ASSIGNMENT: Which lines in the data below contain the word "indicator"? Return each of them.
■ ■ ■ ■ ■
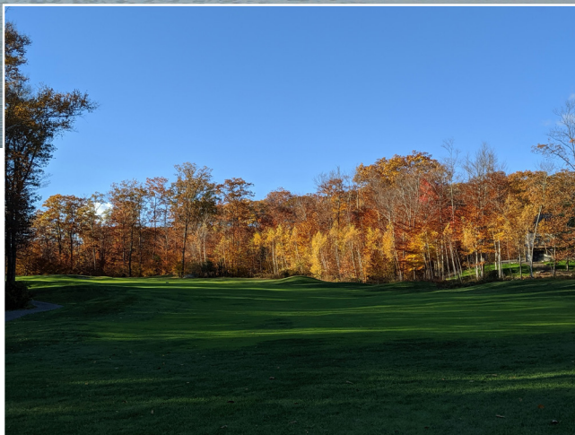
Toddy Brook Golf Course 18th Hole and Fairway
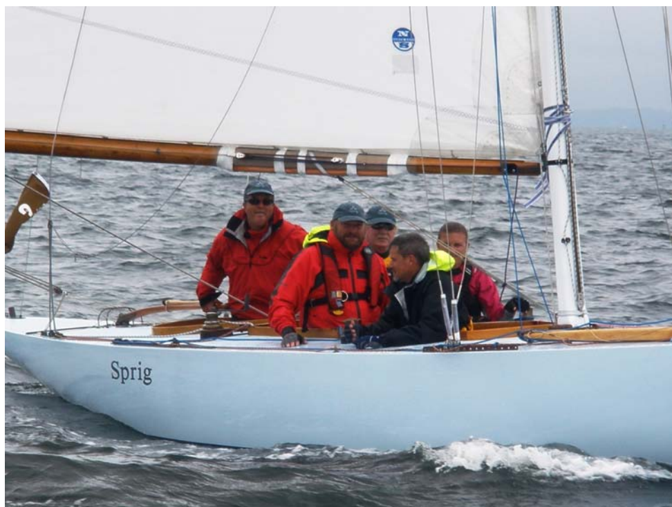
Sprig crew during a relaxed minute at the 2009 6 Meter World Cup photo courtesy Leslie Jenness, aboard Bystander
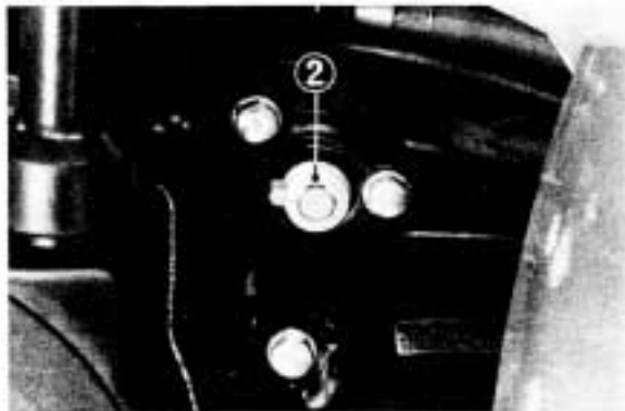
(2) Neutral indicator

The neutral indicator (2) is on the left crankcase cover, just behind the recoil starter. The indicator rotates as the gears are changed. When the indicator aligns with the N mark on the crankcase, the transmission is in neutral.
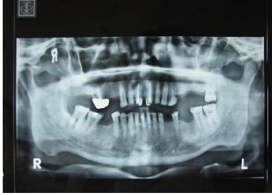
Fig. 3: OPG
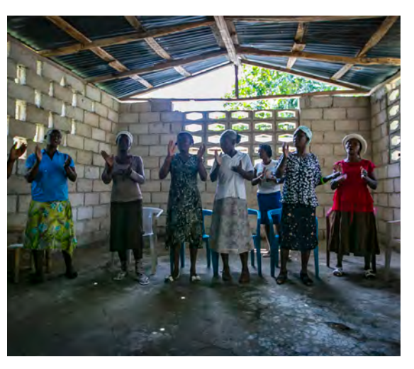
Shycanta Amy's Solidarity group sings a song during their monthly meeting.

To learn more about our poverty-defeating programs and services, visit the "What We Do" section of our website: fonkoze.org.
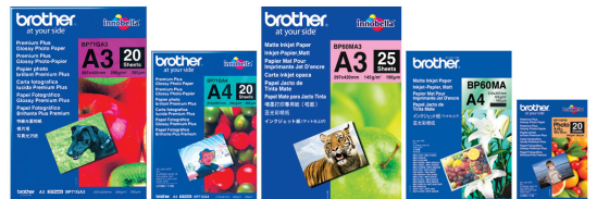
BP71GA3 BP71GA4 BP60MA3 BP60MA BP71GP
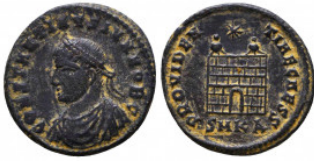
819 Constantine II. As Caesar, A.D. 317-337. Æ Follis Reference: Condition: Very Fine Weight: 2.5 gr Diameter: 19 mm 1
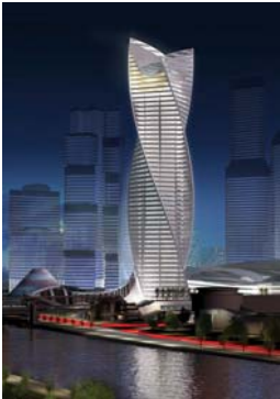
RMJMs Twisting Wedding Palace.
■ ■ ■ ■ ■
COMPLETED TASK:
(2) Neutral indicator
The neutral indicator (2) is on the left crankcase cover, just behind the recoil starter. The indicator rotates as the gears are changed. When the indicator aligns with the N mark on the crankcase, the transmission is in neutral.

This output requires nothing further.